Newspaper Research: 249 Clermont Avenue

Over the summer, I ordered my great-grandparents' 1923 marriage license, and saw that my great-grandfather, John O'Hara gave his address as 249 Clermont Avenue, an address I was theretofore unfamiliar with.

1923, O'Hara-Quinn marriage license
Brooklyn Daily Standard Union, 15 Sept. 1924
This week I was searching the Brooklyn Daily Standard Union on Fulton History, and found an ad from the next year, offering a furnished apartment to let at 249 Clermont Ave. This was not something I had ever thought of using newspaper research for, but I realized that it gives a wonderful picture of what the building would have been like at the approximate time that John O'Hara was living there. (One thing that's not entirely clear to me at the moment is whether the entire family was living there, or whether 27-year-old John had moved out and was living on his own. For context: In 1920, 23-year-old John was living with his parents at 303 Vanderbilt Ave; in 1925, his 26-year-old brother Eugene W. O'Hara was living with their parents at 509 6th St. The pattern does seem to be living at home as a young adult, up until marriage, but I can't be sure that it holds universally.)

The 15 September 1924 ad reads "249 CLERMONT AVE., near DeKalb: large, small rooms, kitchenette; phone; electric."

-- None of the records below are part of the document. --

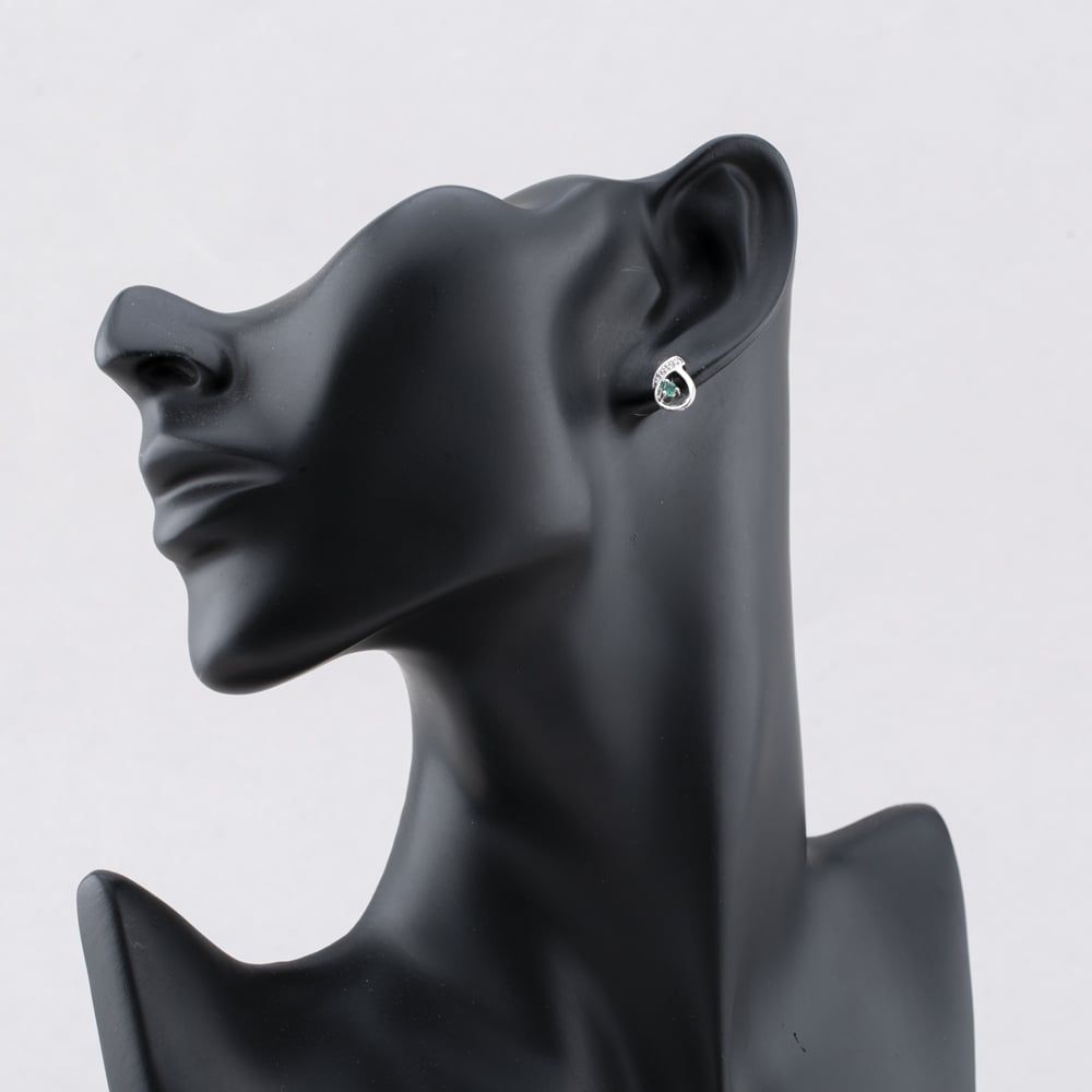 Second Hand 9ct White Gold 0.13ct Emerald & Diamond Open Work Swirl 12mm Stud Earrings 43171336 Second Hand 9ct White Gold 0.13ct Emerald & Diamond Open Work Swirl 12mm Stud Earrings 43171336
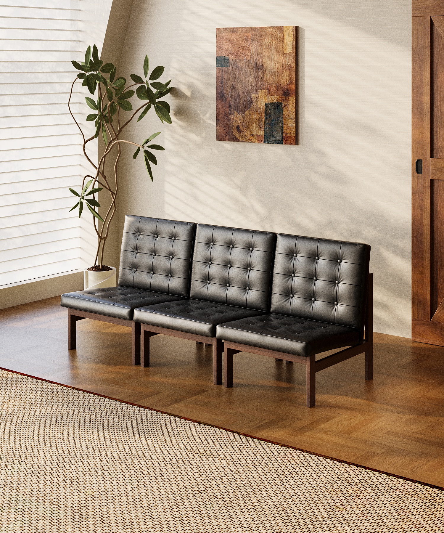 The chair adopts a fully open armless design, breaking away from the physical boundaries of traditional armchairs. This openness allows greater freedom of movement and accommodates a variety of sitting positions—from upright seating to casual side-sitting or cross-legged relaxation. Multiple chairs can also be arranged together to form modular seating combinations, transforming the chair into a flexible sofa-like configuration.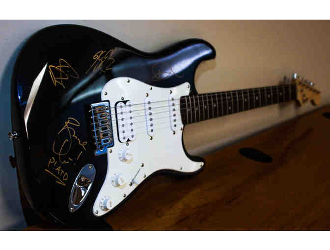 Fender guitar signed by members of the double platinum pop-rock band Panic! At the Disco, including Brendon Urie! Signatures are prominent in gold and include the band's P!ATD emblem.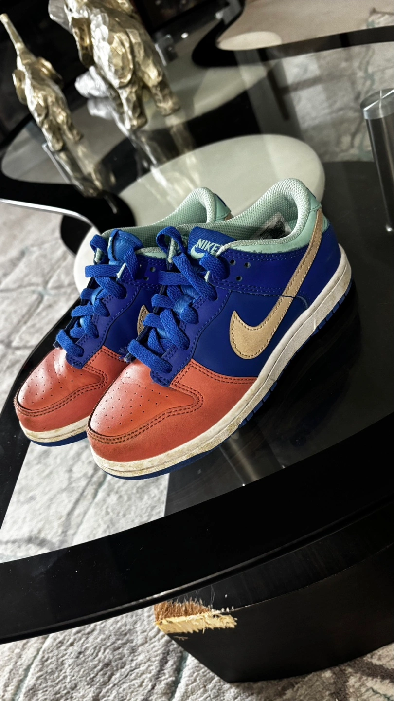 Selling a pair of Nike Dunk Low kids shoes. They are in used condition but still have lots of life left! Perfect for your little one to run around in.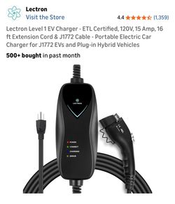 Lectron Level 1 EV Charger - ETL Certified, 120V, 15 Amp, 16 ft Extension Cord & J1772 Cable - Portable Electric Car Charger for J1772 EVs and Plug-in$80Bell Gardens, CA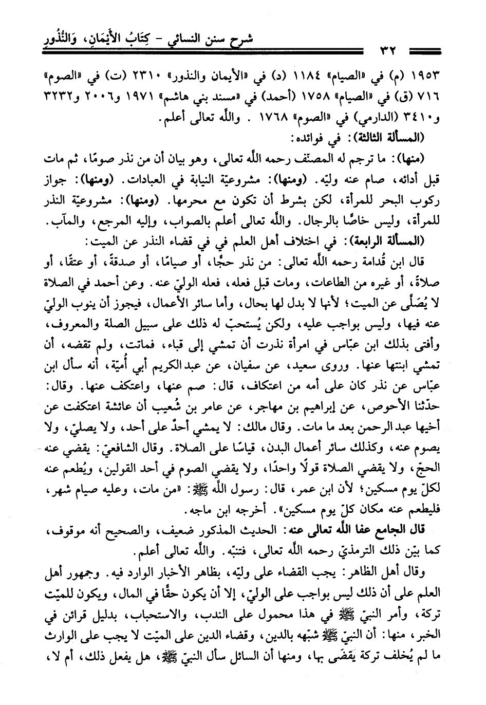 (المسألة الرابعة): في اختلاف أهل العلم في في قضاء النذر عن الميت: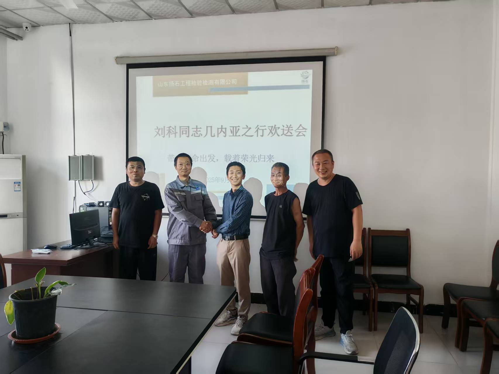 2025年9月25日,山東揚(yáng)石工程檢驗(yàn)檢測(cè)有限公司就劉科前往幾內(nèi)亞共和國檢測(cè)項(xiàng)目工作之行,舉行歡送會(huì),劉科同志...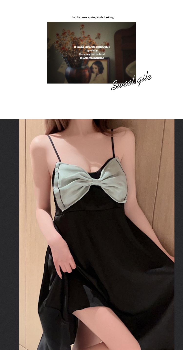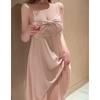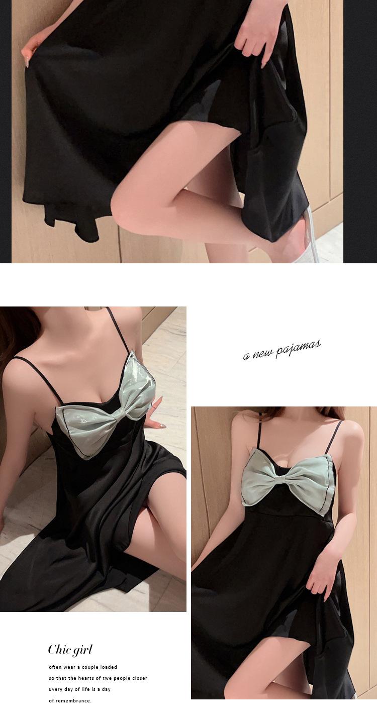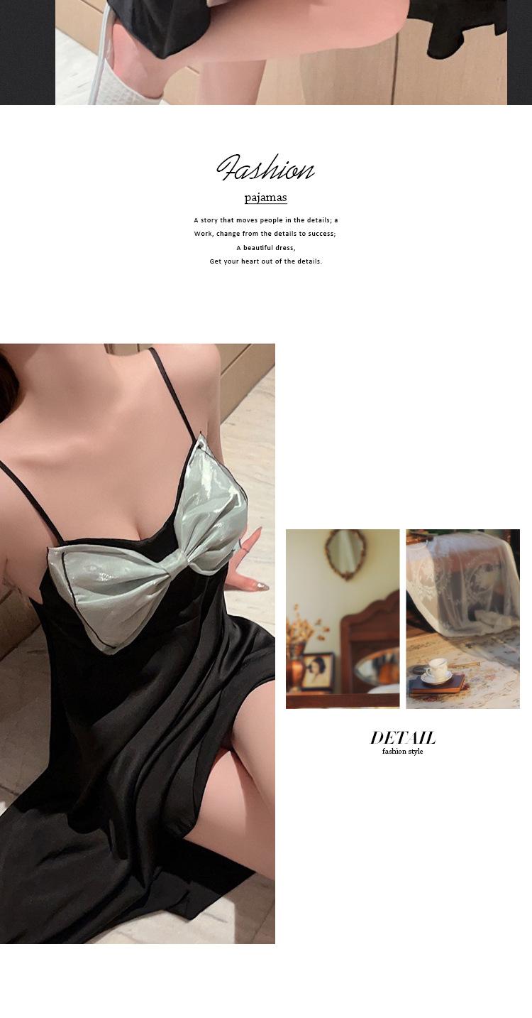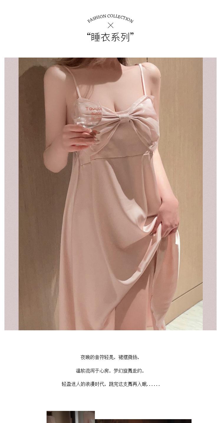 Camisón de seda de hielo sexy rosa con borde cruzado, ropa de abrigo de alta moda para mujer, pijama con lazo, ropa para el hogar al por mayor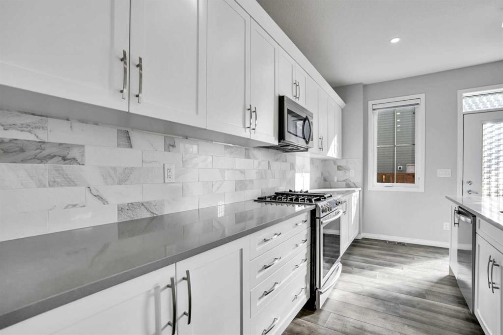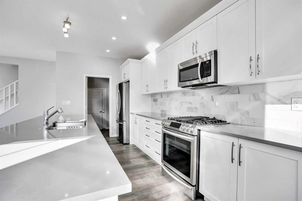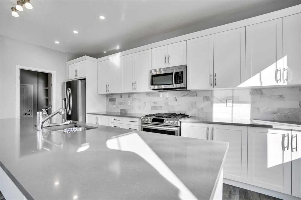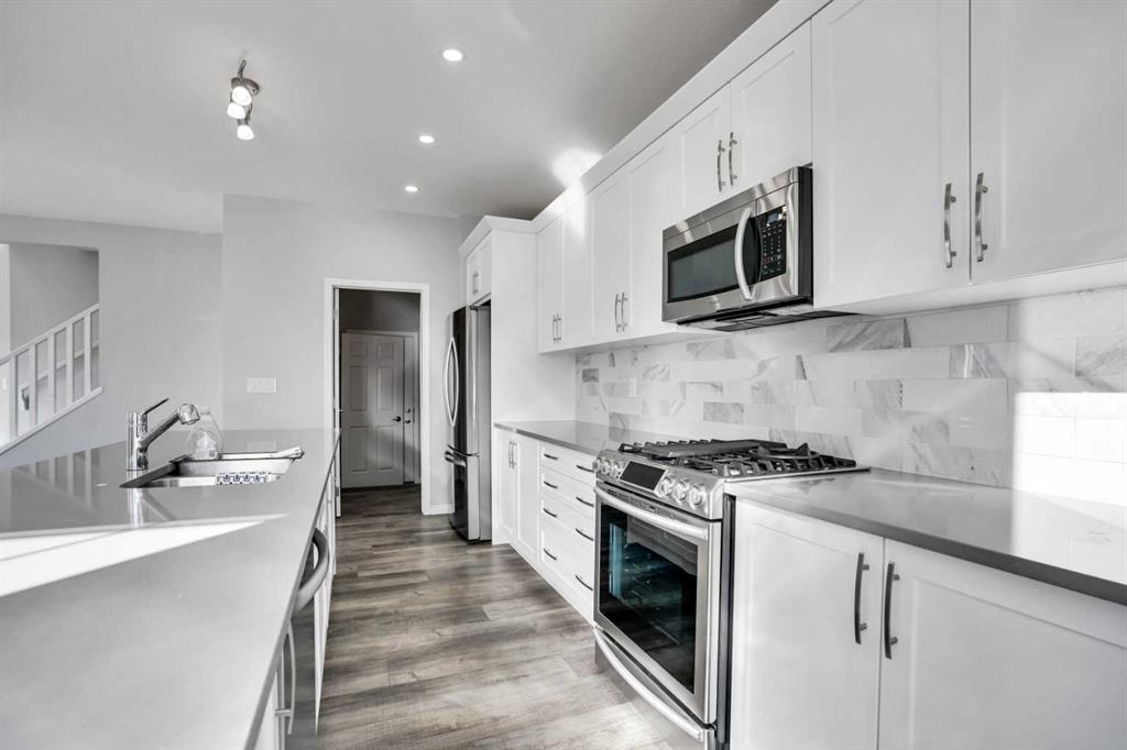 ** WATCH 3D TOUR** Welcome to this stunning, gorgeous 3+ bedroom, 4-bathroom Detached home with a Double Attached Garage, offering over 2500 sq ft of luxurious living space in the prestigious and family-friendly Carrington community. This home offers exceptional style and functionality with a main floor half bath, Living Room, Kitchen, Dinning, perfect for multi-generational living. The open-concept layout features elegant LVP flooring through out the Main Floor, zebra window blinds, a spacious stylish kitchen with a large island, almost full-height cabinetry, stainless steel appliances including a gas range, built-in microwave, and walk-in pantry. Enjoy natural light throughout the bright living and dining areas, with patio door leading to a landscaped backyard—ideal for outdoor entertaining. Central air conditioning keeps the home cool and comfortable year-around. Upstairs boasts a luxurious primary bedroom with a 5-piece ensuite (dual vanity, soaker tub, separate shower, walk-in closet), two additional large bedrooms with walk in closets, a bonus room, convenient laundry, and a spacious bathroom with shower. The fully developed basement includes 8-ft ceilings, a modern Wet-Bar, two large bedrooms with big windows, a full bathroom with a modern vanity and a shower, storage area and a spacious living/Game area perfect for entertainment or extended family. This home features a beautifully landscaped backyard ideal for outdoor enjoyment. new roof and siding (Nov 2024) Located in a vibrant and upscale neighborhood, you’ll enjoy close proximity to Stoney Trail, parks, playgrounds, schools, shopping centers, restaurants, and essential services including No Frills, McDonald’s, medical clinics, and a friendly community with an active lifestyle. Don't miss the opportunity to make this remarkable home your own.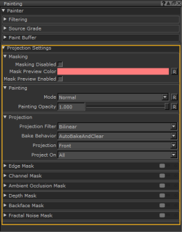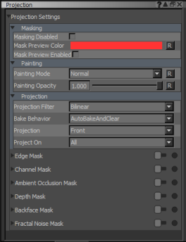 In Mari 4.0, the projection settings are now in the Painting palette under the Projection Settings group. |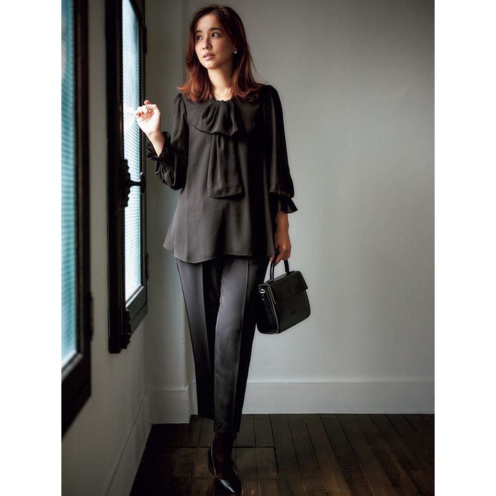 いつもの黒パンツに ボウタイブラウスで華やかさを。 ブラックフォーマルも地味すぎない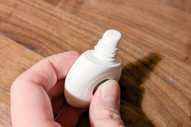 ボトル部分が柔らかい素材でできていて、ぐっと押すとバームが出ます。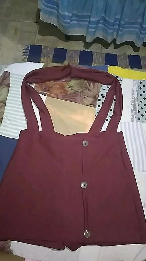 Blusa amarela + jardineira: perfeita combinação! Só hoje - Salopete Vinho

Since not every building in the city would have had electricity, much less phones, in the early 1920s, this is very enlightening! I suspect that the building was in a nice area and had better amenities than some. Now I'm hoping that the Brooklyn Daily Eagle and the Brooklyn Daily Standard Union contain similar references to other apartment buildings that my family lived in, which would be a great resource for establishing some information about the lifestyle and socioeconomic status of various families.